Additionally, a unit all acts on one initiative round. Take the lowest initiative score (though for smooth game play, each figure should be identical in a group) and use that when they join the battle. Aside from that, battle runs just as it does in D&D 4th edition. Pre-Campaign Scalemail is usually played as a war game. If this is the case, then use the rules ahead. At the beginning of the campaign, the world is mapped out. Cities, mountains, plains, forests, and all other terrains are sketched out on a piece of paper. This paper should have 1”x1” squares, known as “quadrants.” Each quadrant should have terrain marked within it. For villages and cities, they should have one quadrant designated to them. For metropolises, this can be done in different ways. For especially large metropolises, they could theoretically represent a 3x3 quadrant space. If your players are good with it, you can do this for each city or just each capital. This is to

represent an invading force entering a city and slowly battling inward. Now this can be done in a multitude of ways. The map could be copied from a previous source with 1”x1” quadrants laid over it, to recreate a war or scenario. Alternately, each side could be exactly the same to insure absolute

fairness (but what war has ever been fair?) By the time the overworld map is completed, each player should agree with its layout.
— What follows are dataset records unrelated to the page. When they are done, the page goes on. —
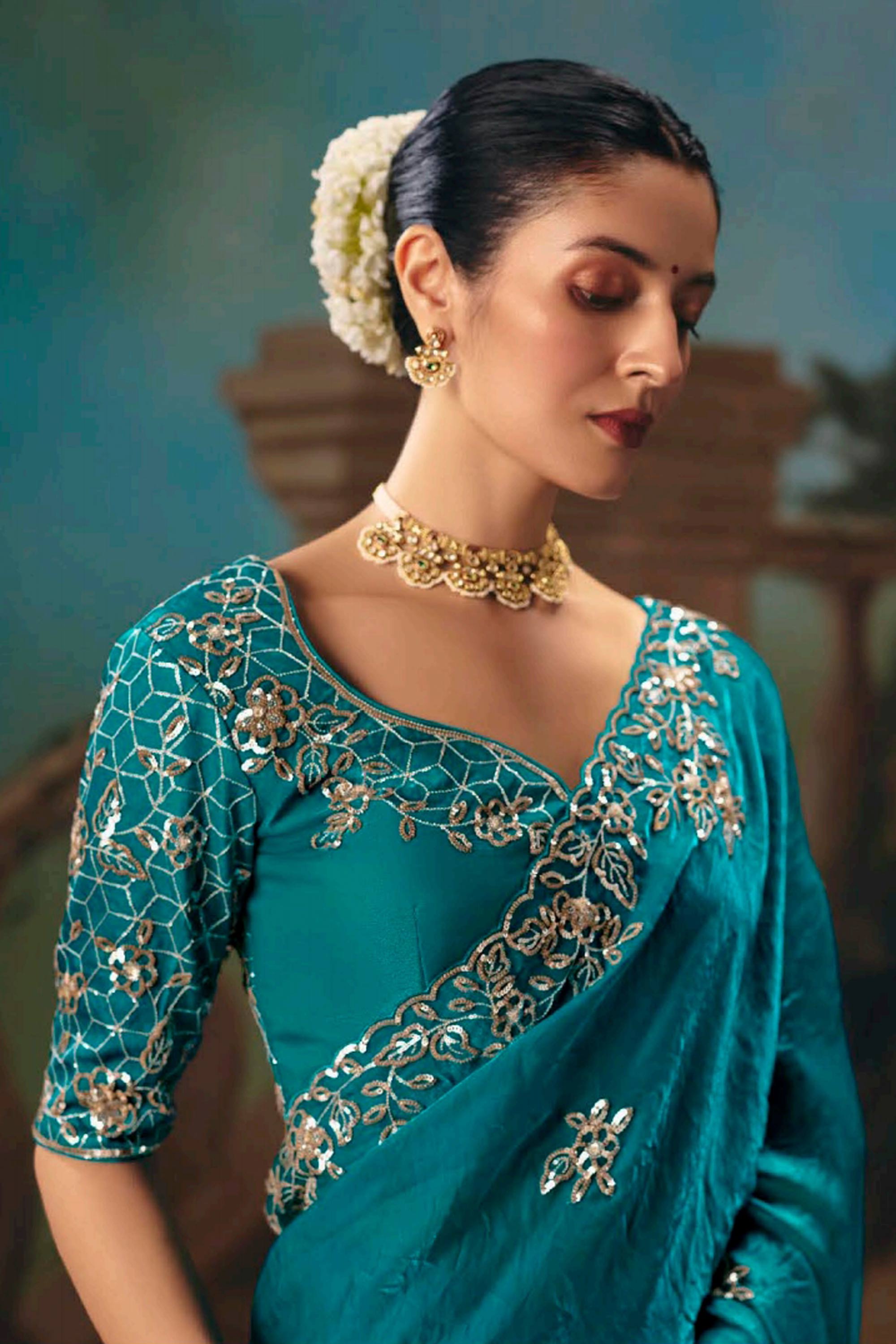 Embroidered Art Silk Fabric Teal Saree For Wedding Wear
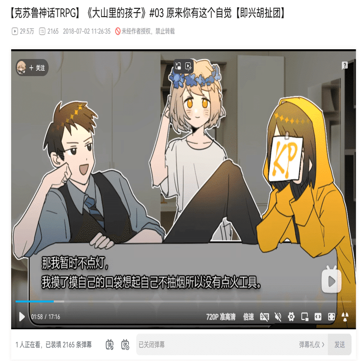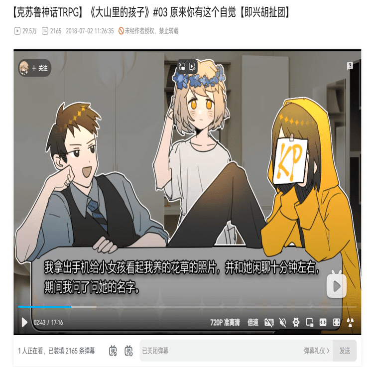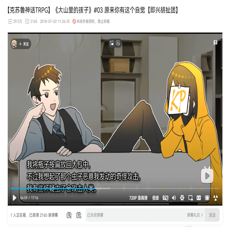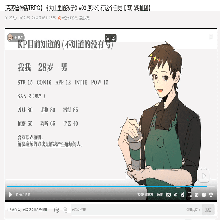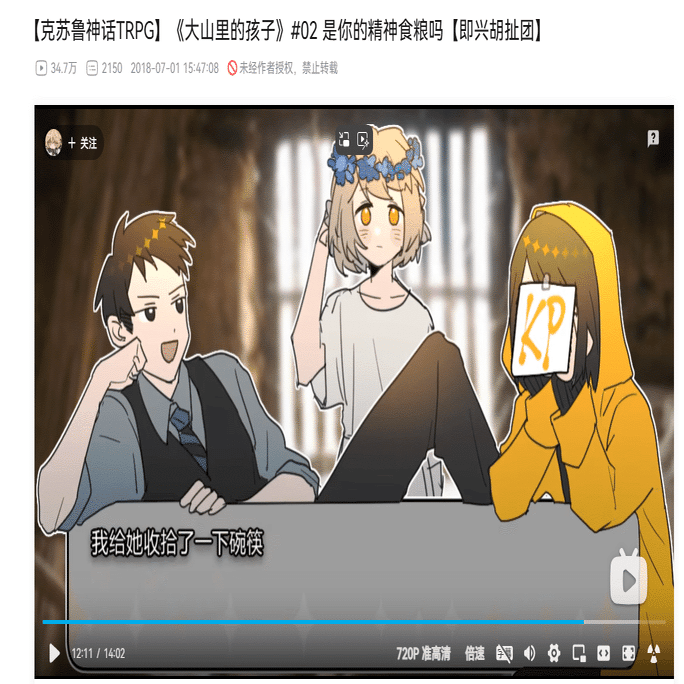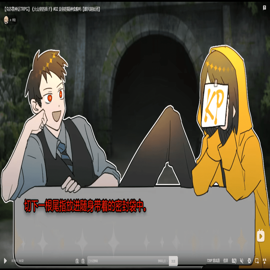 KPは粥先生で、PLは「阿树」さんです。粥先生自身はKPがあまり上手ではなかったので、「大山里的孩子」は粥先生がKPを務めた2つ目のTRPGモジュールでした(「大山里的孩子」は粥先生と阿树さんの雑談から思いついたもので、「我我」の技能ポイントも全てその場で決められました)。 阿树さんは粥先生の友人です。 ちなみに、中国では「大山里的孩子」はよく「貧困山間部の子供」を指します。おそらく山間部は電気が通じにくい(貧困地域の多くは未電化)ためだと思います。「大山里的孩子」(モジュール設定の話です)という設定も、粥先生と阿樹さんが「現代都市でどうやってアザトースを召喚するか」を話し合っている時に即興で考え出したものです 中文:kp是粥先生,pl是“阿树”,粥先生自己不怎么会当kp,所以“大山里的孩子”是粥先生当kp的第二个TRPG模组(“大山里的孩子”是粥先生和阿树聊天时想出来的,所以“我我”的技能点也全是现场定下来的)阿树是粥先生的朋友 顺便一提,在中国,“大山里的孩子孩子”经常指“贫困山区的孩子”,我想大概是因为大山里面不容易通电(贫困地区大部分没有通电),“大山里的孩子”(指模组设定)也是粥先生和阿树在讨论“在现代都市里怎么召唤阿撒托斯”时现场编出来的
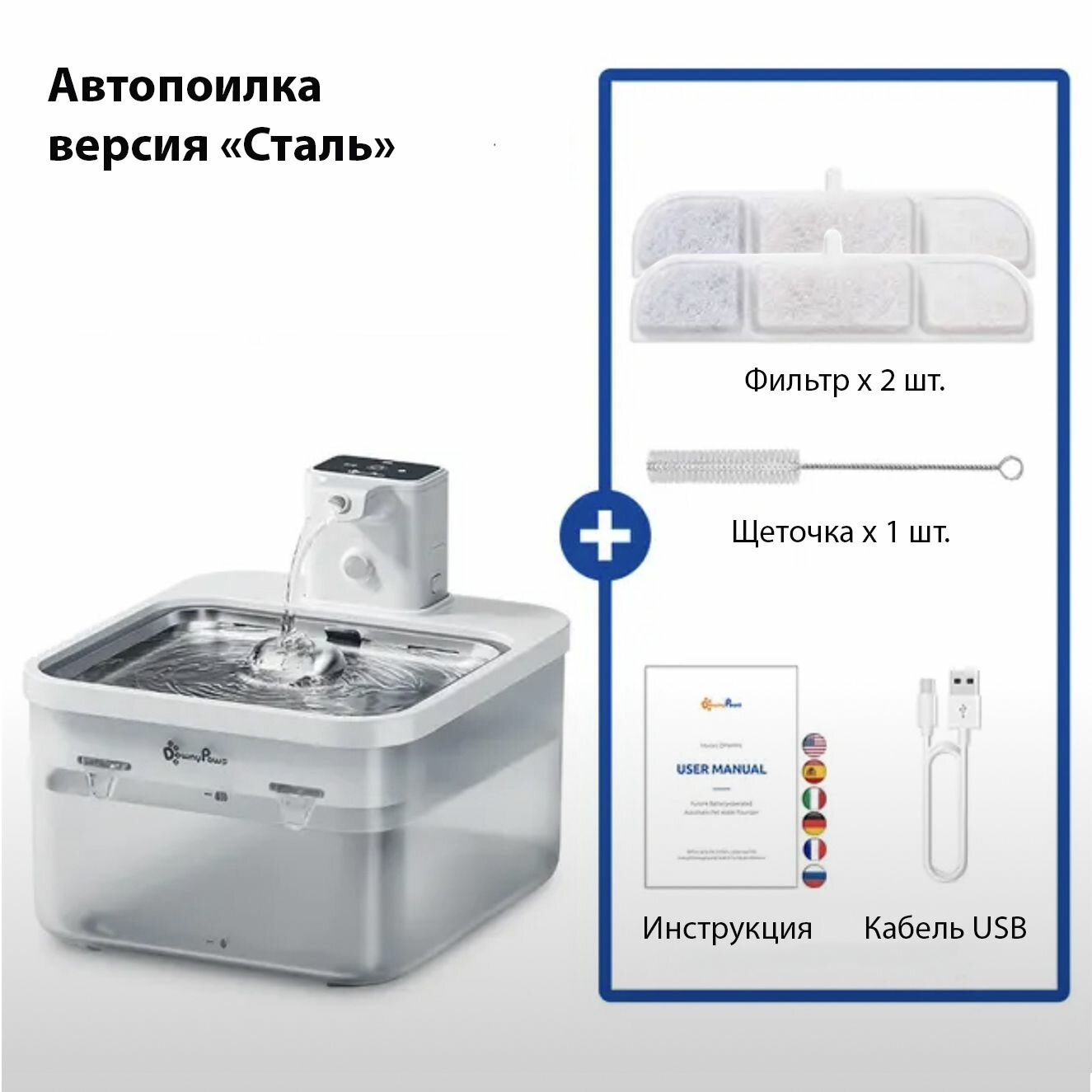 | Подробная комплектация | Поилка пластик, аккумулятор, фильтр 2 шт., инструкция |
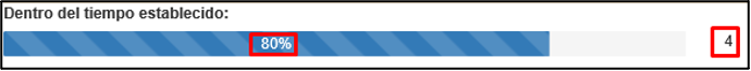 Dentro de la pestaña flujo de trabajo, en la parte inferior izquierda veremos una barra color azul, la cual indica el porcentaje y los expedientes que se encuentran “Dentro del tiempo establecido”.
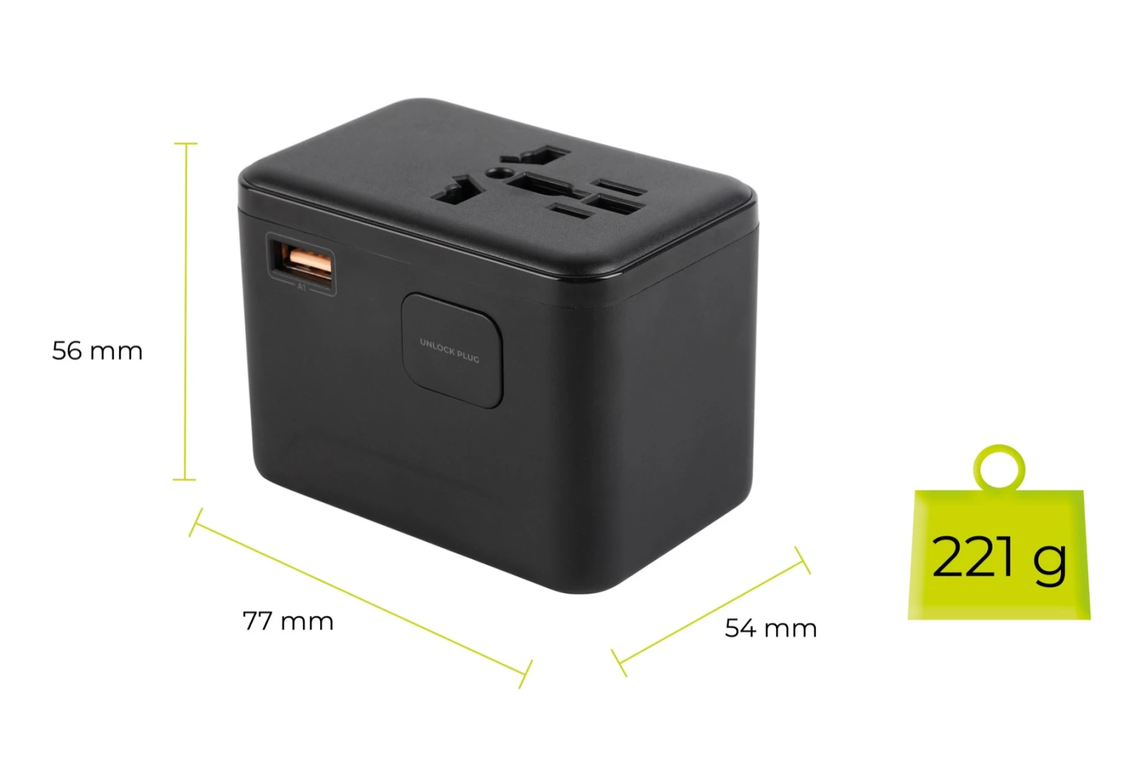 S rozměry 77 x 56 x 54 mm a hmotností pouhých 221 g je tento adaptér snadno přenosný. Jeho elegantní černý design se hodí do každé cestovní tašky a nezabere téměř žádné místo.

After the map has been assembled and the players agree to play it, each side is given a number of points to spend on their beginning forces. For a standard game, an amount of points equal to 100 is

good enough; it allows each side to buy plenty of cheap units, a few very well-skilled units, or a mix of the two. Though, the amount of points at the beginning of the game should be up to the players and agreed to on all sides. This is especially so if recreating scenarios. After units have been bought, each side picks a sphere of influence. For a standard campaign, this shouldn’t be a large space on the map. It should be big enough to situate their units on the map. Again, if the game is striving towards recreating a scenario, make the sphere of influence appropriate for each side.